For another, the act could have been but a blind to cover up the real intent to kill. Appropriately to be noted here is that all
the informations charged evident premeditation. With ponderables and imponderables, we are reluctant to hazard a guess
as to the reasons for the Fiscal's action. We are not now to say that, on this point, the Fiscal has abused his discretion. A
prosecuting attorney, by the nature of his office, is under no compulsion to file a particular criminal information where he is
not convinced that he has evidence to prop up the averments thereof, or that the evidence at hand points to a different
conclusion. This is not to discount the possibility of the commission of abuses on the part of the prosecutor. But we must
have to recognize that a prosecuting attorney should not be unduly compelled to work against his conviction. In case of
doubt, we should give him the benefit thereof. A contrary rule may result in our courts being unnecessarily swamped with
unmeritorious cases. Worse still, a criminal suspect's right to due process — the sporting idea of fair play — may be
transgressed. So it is, that in People vs. Sope 75 Phil. 810, 815, this Court made the pronouncement that "[i]t is very
logical that the prosecuting attorney, being the one charged with the prosecution of offenses, should determine the
information to be filed and cannot be controlled by the off ended party."
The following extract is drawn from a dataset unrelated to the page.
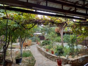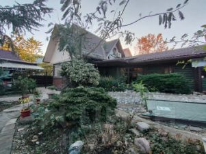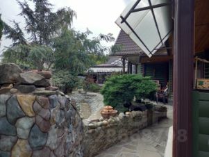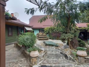Двор благоустроен дорожками, площадками из природного камня, декоративный пруд, множество декоративных насаждений.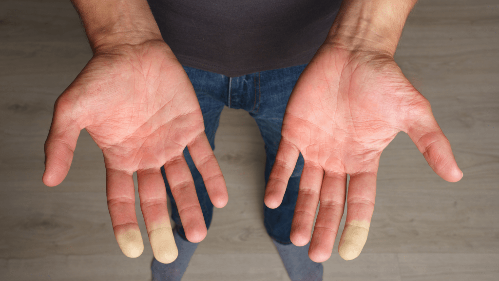 9. Fenomena Raynaud. Jari-jari tangan dan kaki menjadi pucat hingga kebiruan apabila suhu ruangan/cuaca dingin atau stress.

3. The impact of respondent Judge's orders is that his judgment is to be substituted for that of the prosecutor's on the
matter of what crime is to be filed in court. The question of instituting a criminal charge is one addressed to the sound
discretion of the investigating Fiscal. The information he lodges in court must have to be supported by facts brought about
by an inquiry made by him. It stands to reason then to say that in a clash of views between the judge who did not
investigate and the fiscal who did, or between the fiscal and the offended party or the defendant, those of the Fiscal's
should normally prevail. In this regard, he cannot ordinarily be subject to dictation. We are not to be understood as saying
that criminal prosecution may not be blocked in exceptional cases. A relief in equity "may be availed of to stop it purported
enforcement of a criminal law where it is necessary (a) for the orderly administration of justice; (b) to prevent the use of
the strong arm of the law in an oppressive and vindictive manner; (c) to avoid multiplicity of actions; (d) to afford adequate
protection to constitutional rights; and (e) in proper cases, because the statute relied upon is unconstitutional or was 'held
invalid.' " Nothing in the record would as much as intimate that the present case fits into any of the situations just recited.
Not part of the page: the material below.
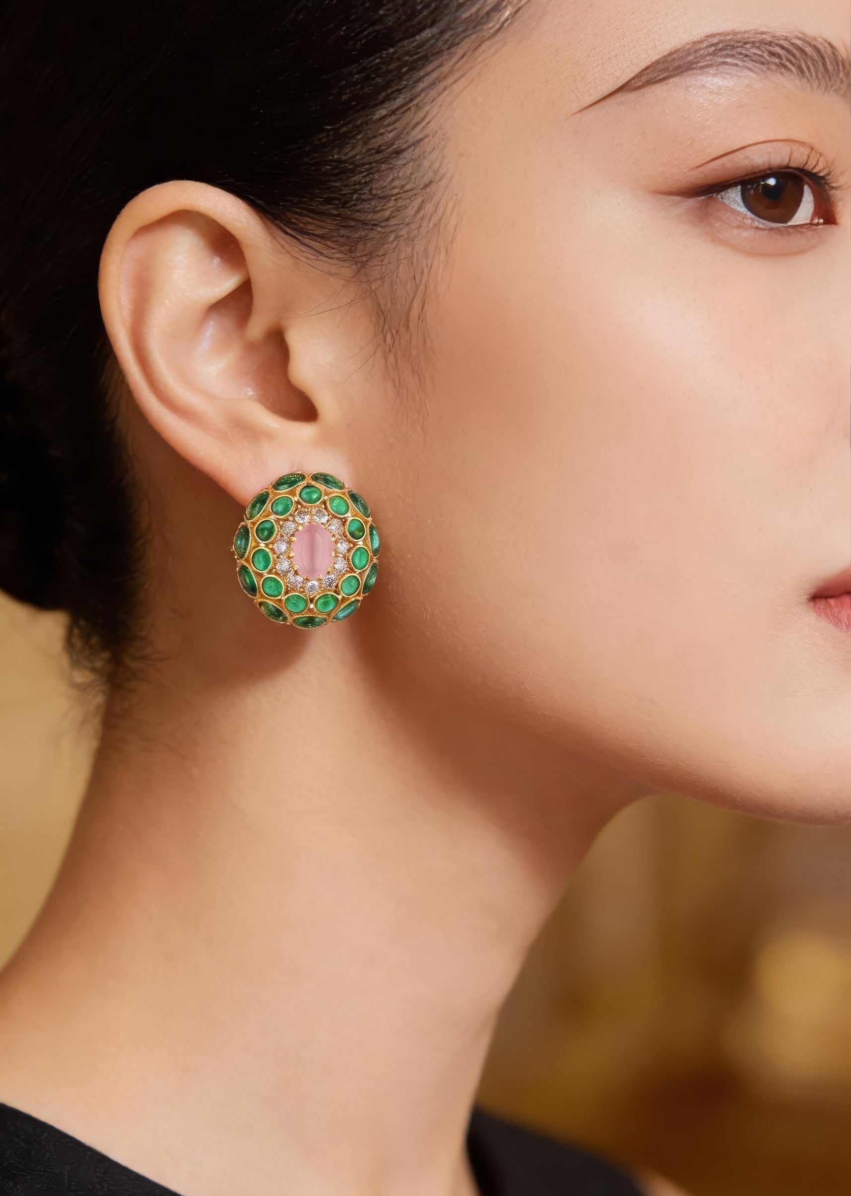A traditional pair of ornate cabochon stud earrings crafted in a rich gold finish, featuring a pink oval center stone surrounded by green and clear stone halos. The layered design combines vibrant colours with classic detailing, making it perfect for festive and celebratory occasions. Awarded as the Most Trusted Brand, we're delivering styles you love, just as promised.

And at this distance and in the absence of any compelling fact or circumstance, we are loathe to tag the City Fiscal of
Iligan City with abuse of discretion in filing separate cases for murder and frustrated murder, instead of a single case for
the complex crime of robbery with homicide and frustrated homicide under the provisions of Article 294 (1) of the Revised
Penal Code or, for that matter, for multiple murder and frustrated murder. We state that, here, the Fiscal's discretion
should not be controlled.

Upon the record as it stands, the writ of certiorari prayed for is hereby granted; the orders of respondent Judge of May 13,
1965 and May 31, 1966 are hereby set and declared null and void, and, in consequence, the writ of preliminary injunction
heretofore issued is made permanent insofar as it stops enforcement of the said orders; and the respondent Judge, or
whoever takes his place, is hereby directed to reinstate Criminal Cases 1246, 1247, 1248, 1249 and 1250 as they were
commenced, and to take steps towards the final determination thereof.

Costs against respondents Tomas Narbasa, Tambac Alindo and Rutino Borres. So ordered.

Reyes, J.B.L., Makalintal, Bengzon J.P., Zaldivar, Castro, Angeles and Fernando, JJ., concur.
Concepcion, C.J. and Dizon, J., took no part.